→ DATA PROVIDED:
----------

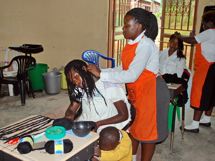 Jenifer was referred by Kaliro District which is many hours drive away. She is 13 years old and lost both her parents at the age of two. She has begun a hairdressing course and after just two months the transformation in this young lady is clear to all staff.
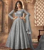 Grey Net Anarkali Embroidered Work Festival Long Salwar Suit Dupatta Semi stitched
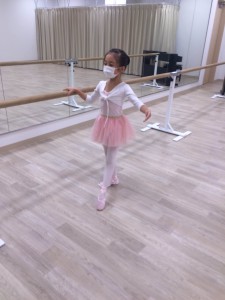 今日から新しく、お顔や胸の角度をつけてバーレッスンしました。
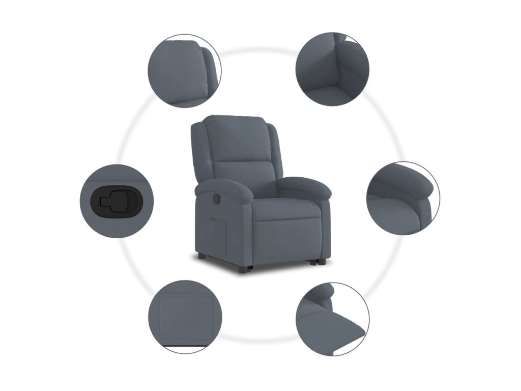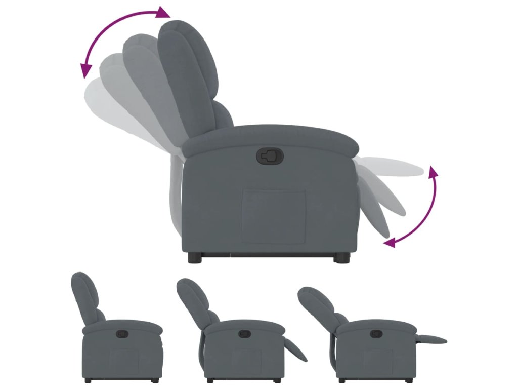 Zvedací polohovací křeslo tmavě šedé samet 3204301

----------

→ WHAT YOU ARE ASKED TO DO:
The lines from the one containing "Grey Net Anarkali" through the last line above are to be repeated exactly, and only those. Any pictures must be left out.

→ YOUR RESPONSE:
 Grey Net Anarkali Embroidered Work Festival Long Salwar Suit Dupatta Semi stitched
 今日から新しく、お顔や胸の角度をつけてバーレッスンしました。
 Zvedací polohovací křeslo tmavě šedé samet 3204301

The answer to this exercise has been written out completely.